Despite all that can be achieved remotely thanks to technology, however, Cambridge-1 still had to be physically put together, and in this case by a team that was being instructed at a distance. Given the complexity of a supercomputer, there are many occasions where things could have gone wrong; but according to Hamilton, Nvidia's experienced hand in developing devices of this type prevented bad surprises from happening.
The refrigerator-sized racks that make up a supercomputer are all made of smaller computers, each of which has ten fiber optic cables sticking out. "That's a lot of manual assembly if you have to connect all those thousands of cables inside the data center," says Hamilton.

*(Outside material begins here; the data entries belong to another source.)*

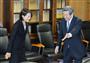 会談前に握手する丸川環境相(左)と林経産相=8日午後、経産省【拡大】
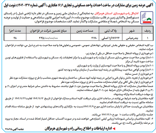 آگهی عرضه زمین برای مشارکت در ساخت احداث واحد مسکونی و تجاری 16.6 هکتاری ( آگهی شماره 137-1404)/نوبت اول
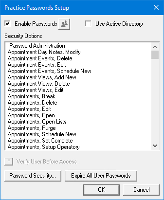 1. In the Maintenance menu in the Office Manager, point to Practice Setup > Passwords, and then click Practice Passwords Setup.

"At first, to go from one supercomputer to the next, we would re-do and re-cable all those thousands of cables. That's when we said: 'We want to make building a supercomputer as easy as building Lego blocks.' So we designed a supercomputer that's modular, and as much as possible, pre-built at the factory."
Nvidia started implementing this new approach in 2018, for the third generation of supercomputer that was designed by the company, and the same principles applied to Cambridge-1. Bundles of hundreds of fiber optic cables were connected and pre-packaged, and then shipped to the data center, where engineers were only left with the task of plugging one end into the servers and another into the network switches.
For both Hamilton and Lamb, the method was key to building Cambridge-1 at pace. "As far as our schedule is concerned, things have been very boring, and there haven't really been any surprises," says Hamilton. "Now we are mostly testing and fine-tuning things, before we go on to think about where we'll next put our supercomputers."
Hamilton expects that by mid-April, when Nvidia holds its annual GPU Technology Conference, the first research results from some of the early projects run on Cambridge-1 will be announced. The Santa Clara company has already announced partnerships with four healthcare organizations, which are set to be granted access to the device for medical research: pharmaceutical companies AstraZeneca and GSK, as well as King's College London and Guy's and St Thomas's NHS Foundation Trust.
With the extra computational power enabled by Cambridge-1, scientists will be able to solve data-based problems that were previously difficult to harness, such as better diagnosing patients and identifying appropriate treatments; but they are also confident that the device could cause breakthroughs in medical research, for example with new drug discoveries.